Rocky Linux 8 (one of two successors to CentOS)
NGINX (Latest stable from developer repository)
Podman (Think Docker without a daemon or root requirements)
Projects I'd like to expose through NGINX:

Vaultwarden (already running on LAN)
Cockpit (Installed by default)
NextCloud
Key-based SSH
Family Photo Scanning
Minecraft Server
PiHole (or some other local DNS for the LAN so I'm not reaching out for a local address)
Matrix Chat server (family/close friends only)

I am comfortable with mounting directories into OCI/"Docker" containers through SELinux without root and wrangling container ports using Podman, using them whenever I can on ButtonMash unless I have a good reason not to.

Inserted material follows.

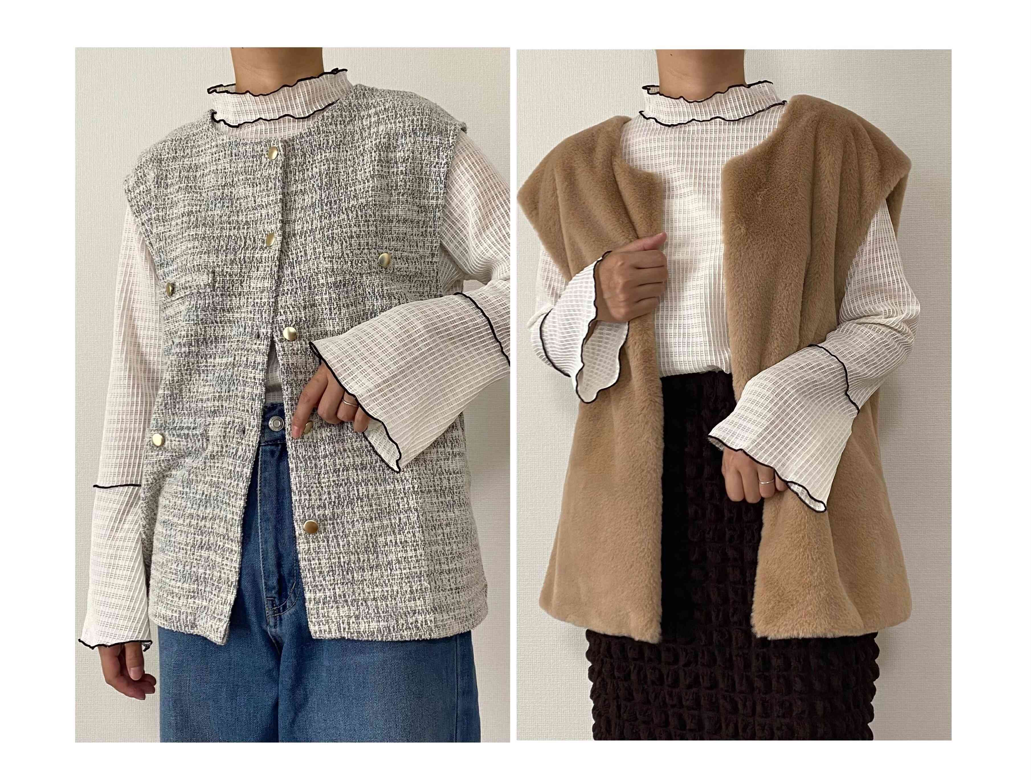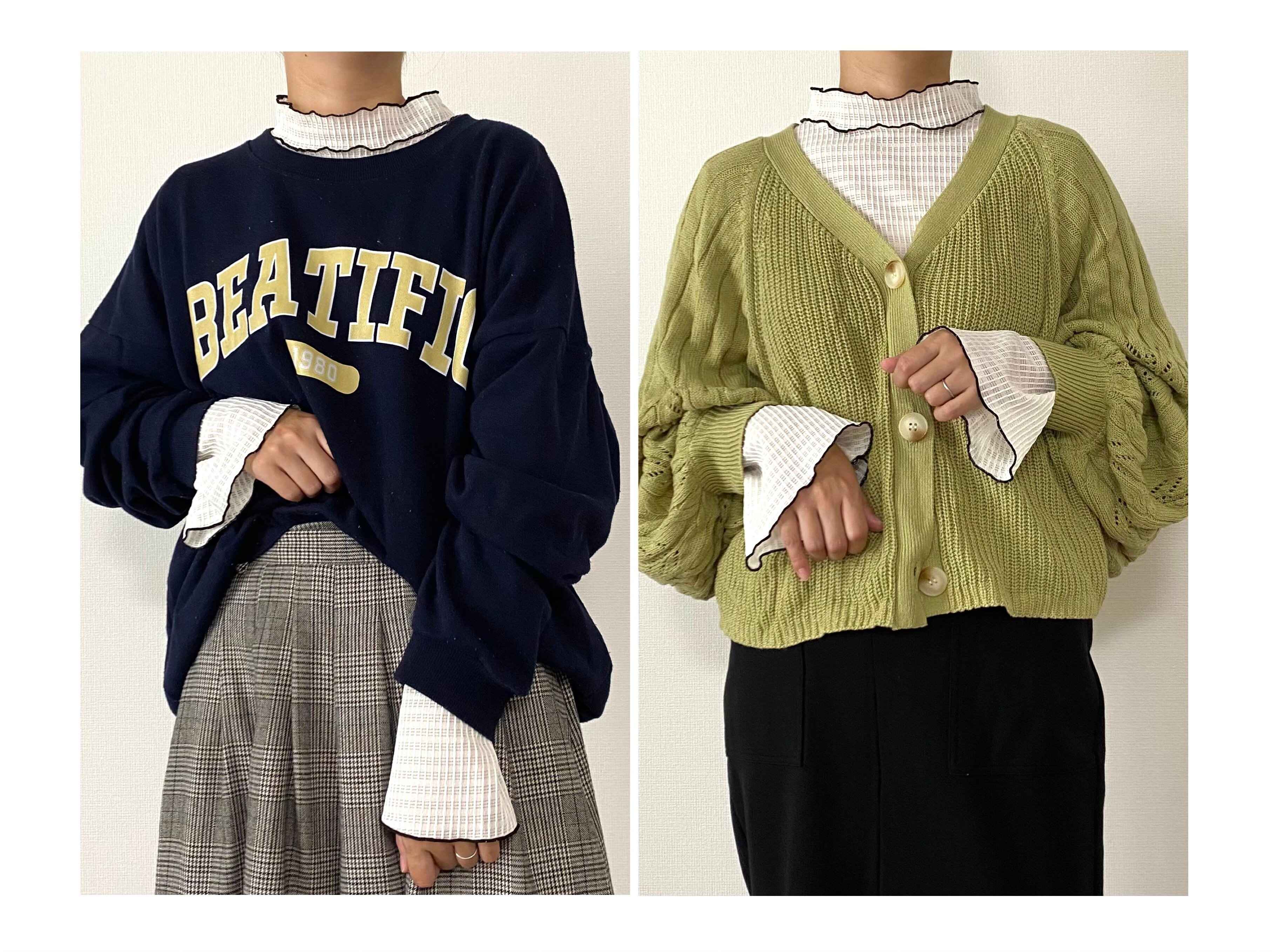 首元と袖にデザインがあるとベストとレイヤードしたときもメローがポイントになってかわいさ抜群!

However, the documentation really pushes using Snap, which I'm not as familiar with and cautions against using the package manager (understandable) or OCI containers.

Here is the tutorial I found most approachable (YouTube video): Let's Encrypt Explained: Free SSL (That DevOps Guy). It goes over installing Certbot into a container, but when I tried to follow along for more information, the option for "My HTTP website is running on..." was gone.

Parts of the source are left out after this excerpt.